ENTRIES SUPPLIED ->
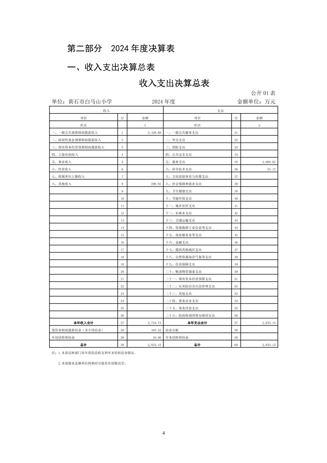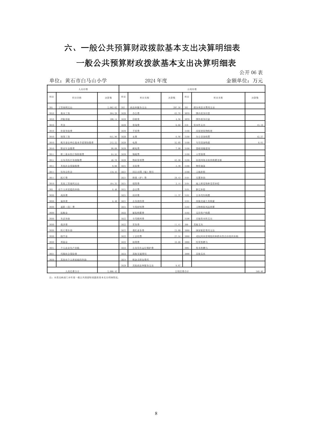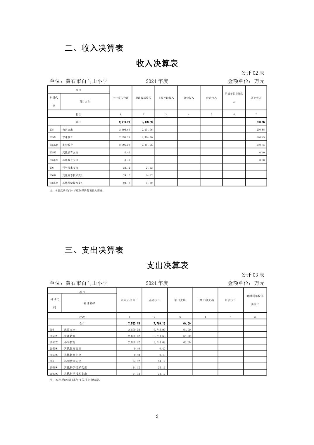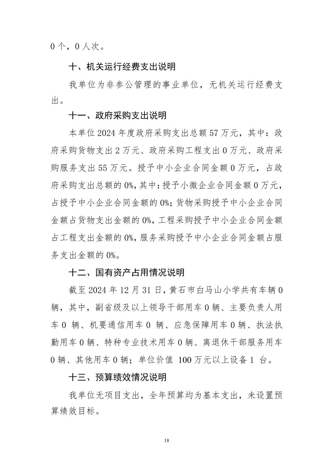 白马山小学2024年度部门决算
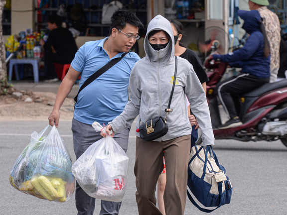Cùng thời điểm tại khu vực lối ra bến xe Nước Ngầm, nhiều bạn trẻ tất tả mang vác những kiện hành lý cồng kềnh, nặng trĩu, di chuyển khó nhọc giữa dòng người đổ về đông đúc.
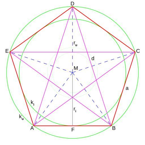 | Keywords: Fünfeck.svg Regelmäßiges Fünfeck mit Diagonalen Inkreisen Umkreisen und Radien Transferred from de WP ; transfer was stated to be made by sarang <br/> Original text Selbst erstellt 2007-05-18 <br/> 2007 05 18 first version ; 2011 02 09 last version Augiasstallputzer <br> Original uploader was Augiasstallputzer at de WP Later version s were uploaded by Sarang at de WP Released into the public domain by the augiasauthor SimplSVG PD-release page remains http //de wikipedia org/w/index php title File 3AF C3 BCnfeck svg here All following user names refer to de Wikipedia 2011-02-09 13 00 Sarang 780×780× 1974 bytes <nowiki>Es ist eine originelle Idee einen Kreis aus 96 Polygonen zusammenzusetzen </nowiki> 2007-05-18 21 15 Augiasstallputzer 780×780× 25691 bytes <nowiki> Andere Versionen </nowiki> versions remain at de WP Pentagrams |
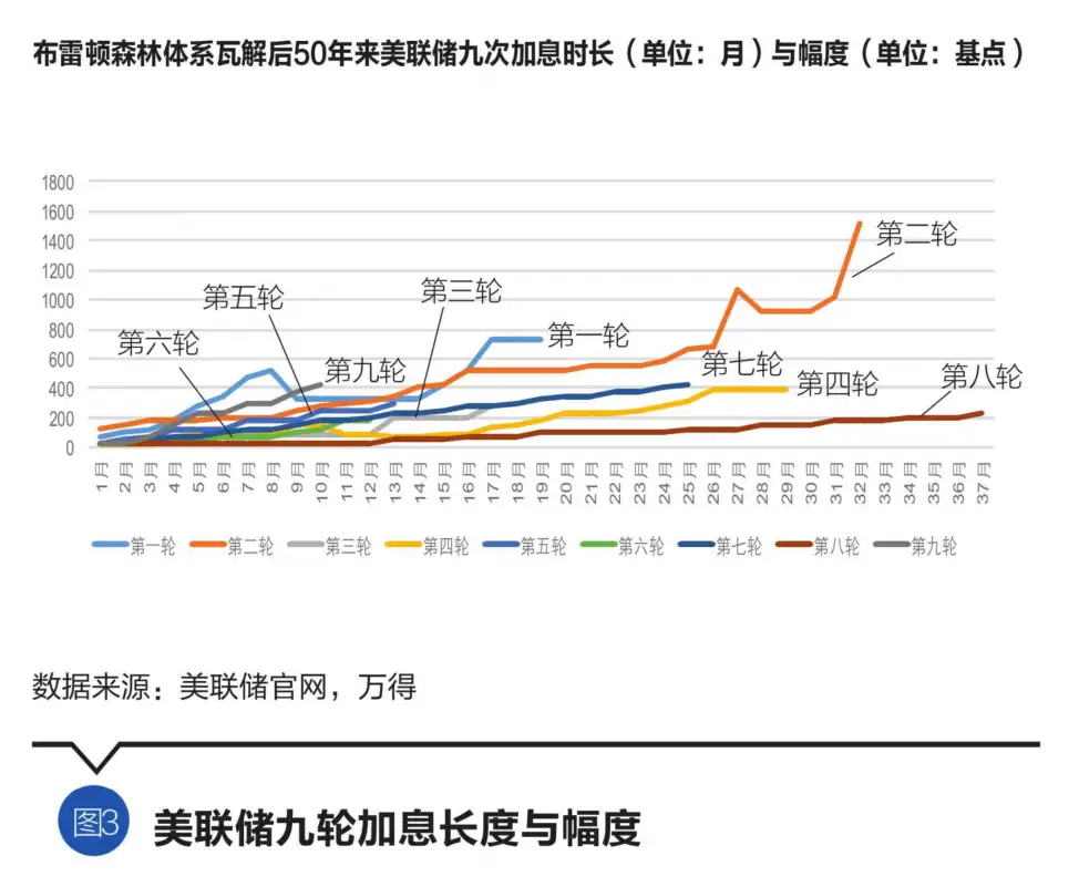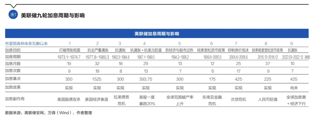 “自20世纪70年代初,布雷顿森林体系瓦解以来,美联储已导演了九轮加息,最新一轮目前仍在进行中。加息目的是为了解决美国自身的经济金融问题,不过由于美联储加息牵涉面广,往往也会给美国本土,以及全球经济金融带来负面影响与冲击。此外,在这九轮加息周期中,第一轮到第四轮中途也存在降息的情况。”
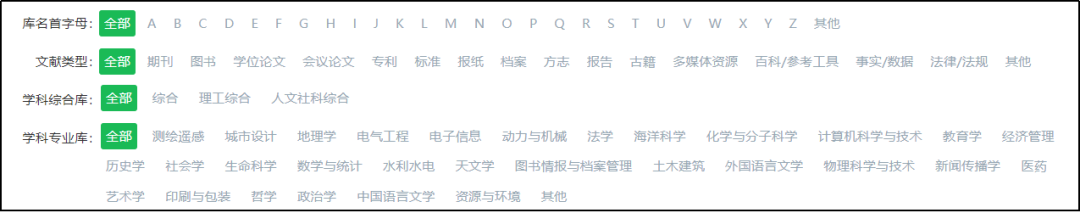同时提供数据库分面过滤,支持按首字母A-Z、文献类型、学科分类检索,快速筛选出所需数据库,满足读者不同的搜索习惯。
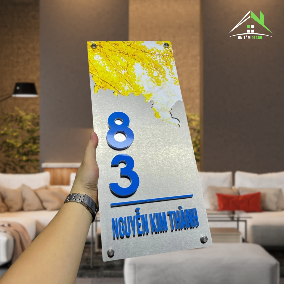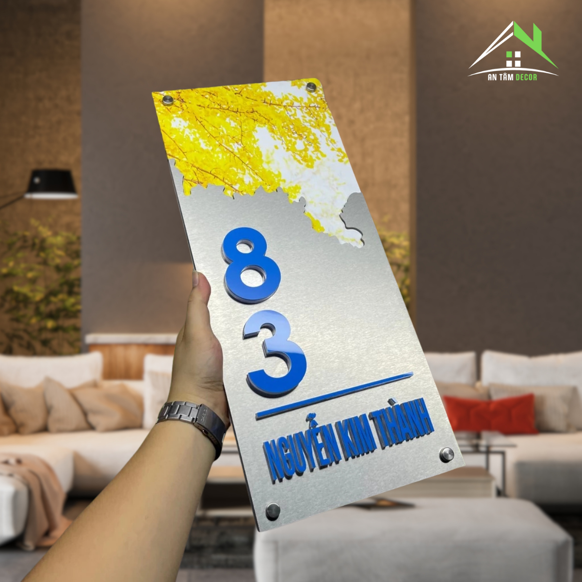 BẢNG, BIỂN SỐ NHÀ, Nền Alcorest +Mica cán ghi sần, inox 304 xước bạc, số nhà nổi, ngoài trời BSN-AT1
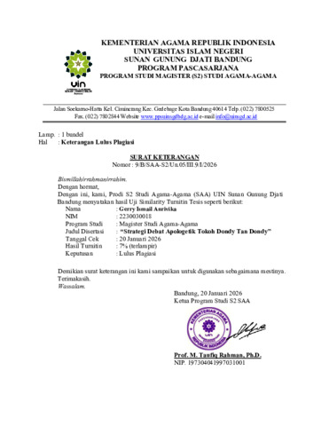 Anrivika, Gerry Ismail (2025) Strategi debat apologetik tokoh Dondy Tan. Masters thesis, UIN Sunan Gunung Djati Bandung.
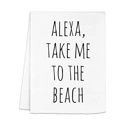 Funny Dish Towel, Alexa Take Me To The Beach, Flour Sack Kitchen Towel, Sweet Housewarming Gift, Farmhouse Kitchen Decor, White
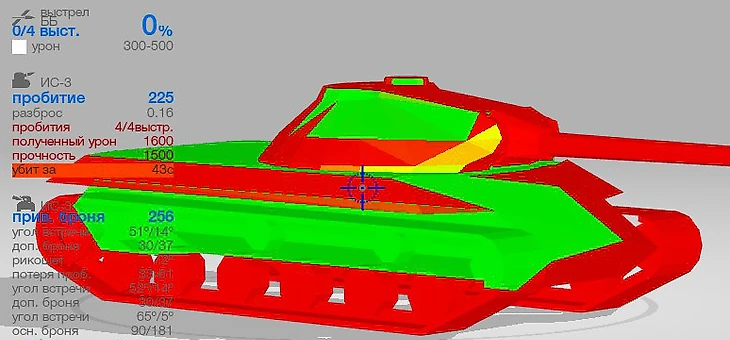 Чтобы нанести урон противнику, необходимо попасть в основную броню танка и пробить ее.
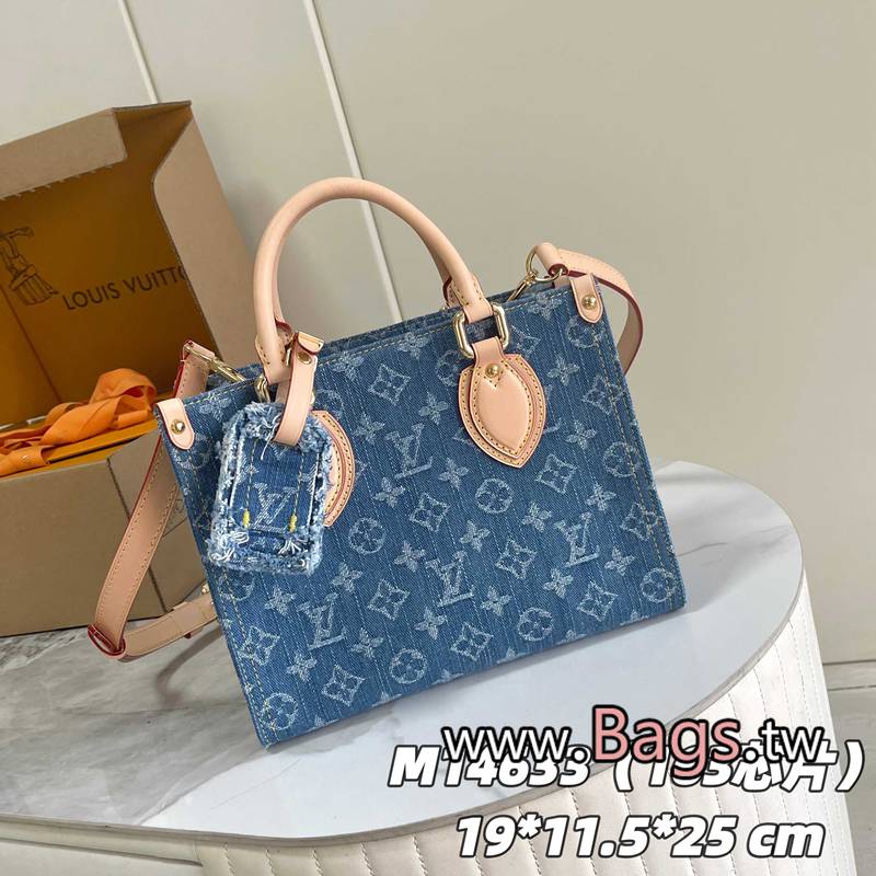 超A版本LV【163C01 芯片版】 款號: M14633, 原單加強版【獨傢實拍背景圖】✨本款 OnTheGo 小號手袋為經典 Monogram 丹寧佈勾勒牛皮革飾邊,搭配耀目金屬件和磁扣翻蓋開合。充裕空間可容納平板電腦和日常所需,可拆卸肩帶實現手提或斜挎。19 x 11.5 x 25 厘米(高 x 寬 x 長度)Q1450
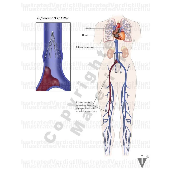 1. Deep vein thrombosis (DVT) in leg and venous circulation to heart and lungs
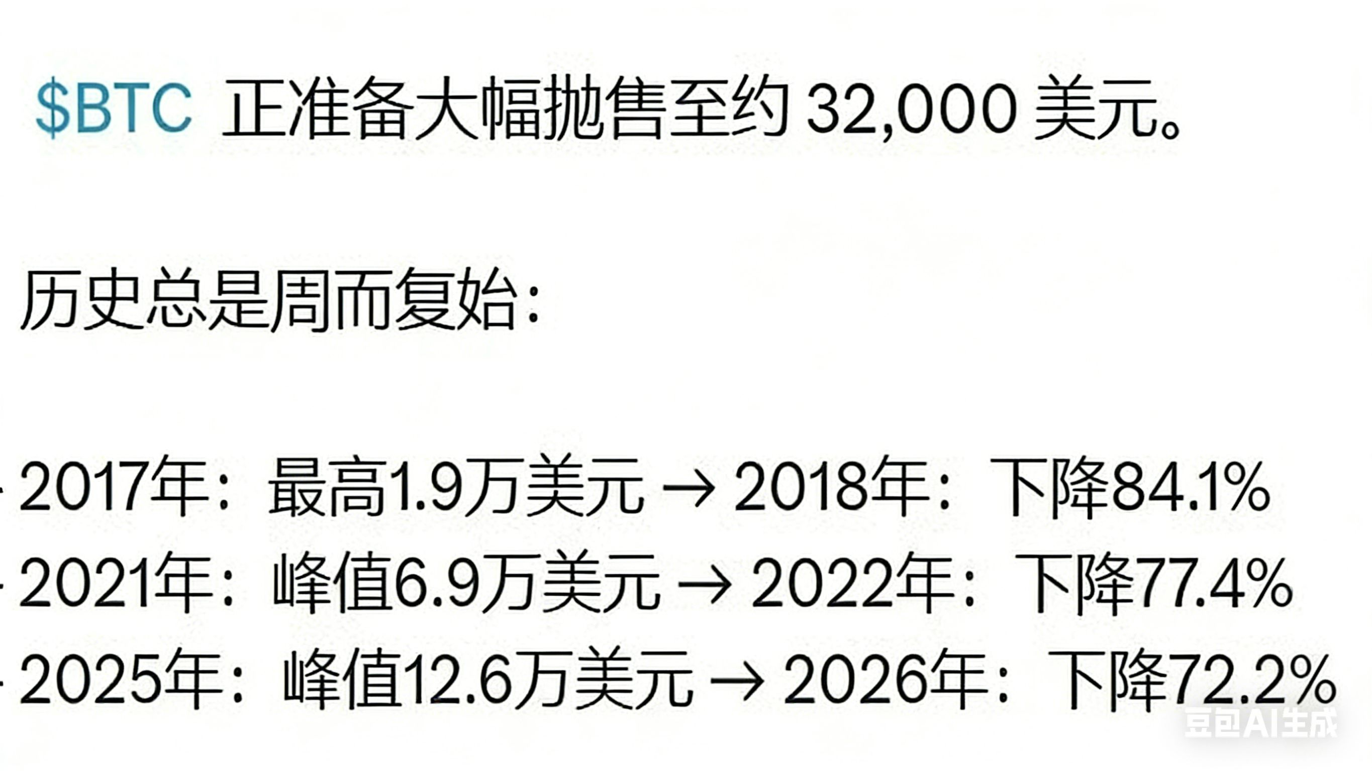 - 2025年:峰值12.6万美元 → 2026年:下降72.2%
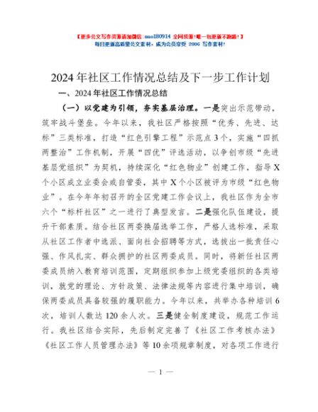 / 2024年社区工作情况总结及下一步工作计划
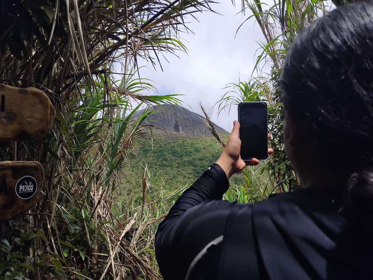 Manto Sitindaon (29) wisatawan yang berdomisili di Tangerang Selatan berupaya untuk mencapai Puncak Gamalama.Foto: RRI/Mario Panggabean
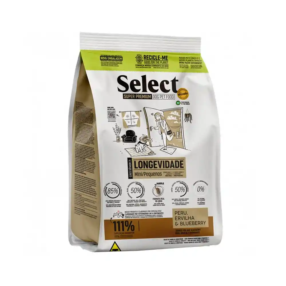 Ingredientes seleccionados fuentes de proteínas, aceites, ingredientes funcionales, vitaminas y minerales, mín. 50% (harina de vísceras de aves - mín. 23%, harina de carne y huesos de pavo - mín. 0,5%, aceite de aves, aceite de salmón, hidrolizado de hígado de aves, mezcla de huevos deshidratados, salvado de gluten de maíz, salvado de soya, biomasa de microalgas Schizochytrium sp. – mín. 0,13%, L-carnitina, levadura de cerveza inactiva deshidratada, mezcla prebiótica - mín. 0,1% - compuesto de: pared celular de levadura, galacto-oligosacáridos, fructo-oligosacáridos y levadura de caña de azúcar seca, hexametafosfato de sodio, sulfato de condroitina, sulfato de glucosamina, extracto de Yucca, lisina, vitaminas A, D3, E, C, K3, B1, B2, B6, B12, pantotenato de calcio, ácido fólico, ácido nicotínico, biotina, cloruro de colina, minerales cloruro de sodio, cloruro de potasio, sulfato de manganeso, sulfato de zinc, glicinato de zinc, sulfato de hierro, sulfato de cobre, yodato de calcio, selenito de sodio, selenio metionina). Frutas, vegetales, granos y aditivos esenciales, mín. 50% (grano de maíz, salvado de trigo, arroz quebrado, mezcla concentrada de frutas y vegetales deshidratados - compuesta por: harina de papa dulce - mín. 0,3%, manzanas, plátanos, arándanos - mín. 0,01%, zanahorias - mín. 0,03% y harina de arvejas - mín. 0,05%, pulpa de remolacha deshidratada - mín. 0,5% y aditivos antioxidantes BHA y BHT).
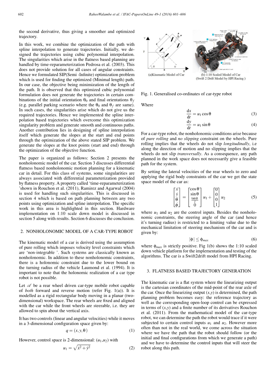 论文的组织如下:第2节给出了汽车的非完整模型。第三节讨论了基于微分平坦的非完整运动规划的详细运动车。对于这类系统,一些奇异性总是与微分平坦属性提供的参数化。在罗琼等人(2011)、拉米雷斯和阿嘎沃尔(2004)中所示的一种叫做“时间-参数化”的属性用于处理这种奇异性。在第4节中讨论了使用优化和样条插值来实现两点之间的路径规划。这一领域的具体工作在这一节中突出显示。在第5节中讨论了硬件实现,以及结果。第六节讨论结论。
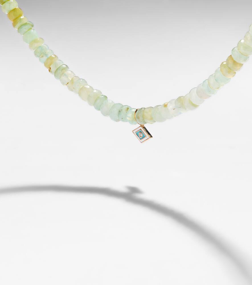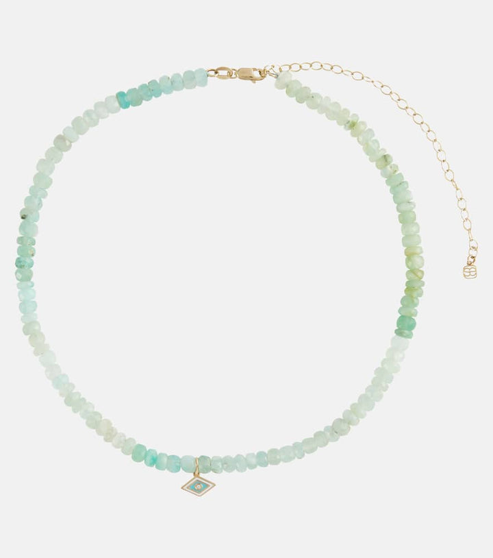 Tiny Groovy Eye 14kt gold beaded choker with diamond
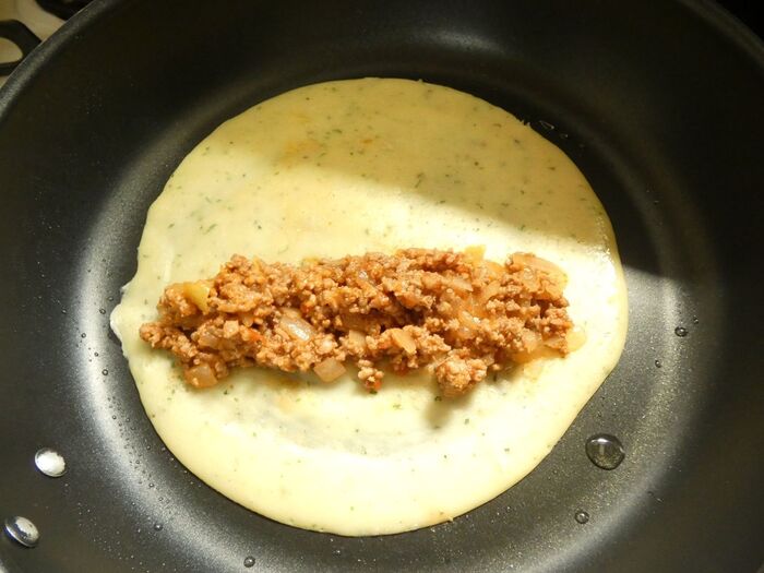 今回は具を包みましたが、全て生地の上からかけてもOKです。

TASK ITEM -> Pictures stay out. Print the lines of the records above exactly, from the first through the one with "Cùng thời điểm".

EXPECTED ANSWER ->
 白马山小学2024年度部门决算
Cùng thời điểm tại khu vực lối ra bến xe Nước Ngầm, nhiều bạn trẻ tất tả mang vác những kiện hành lý cồng kềnh, nặng trĩu, di chuyển khó nhọc giữa dòng người đổ về đông đúc.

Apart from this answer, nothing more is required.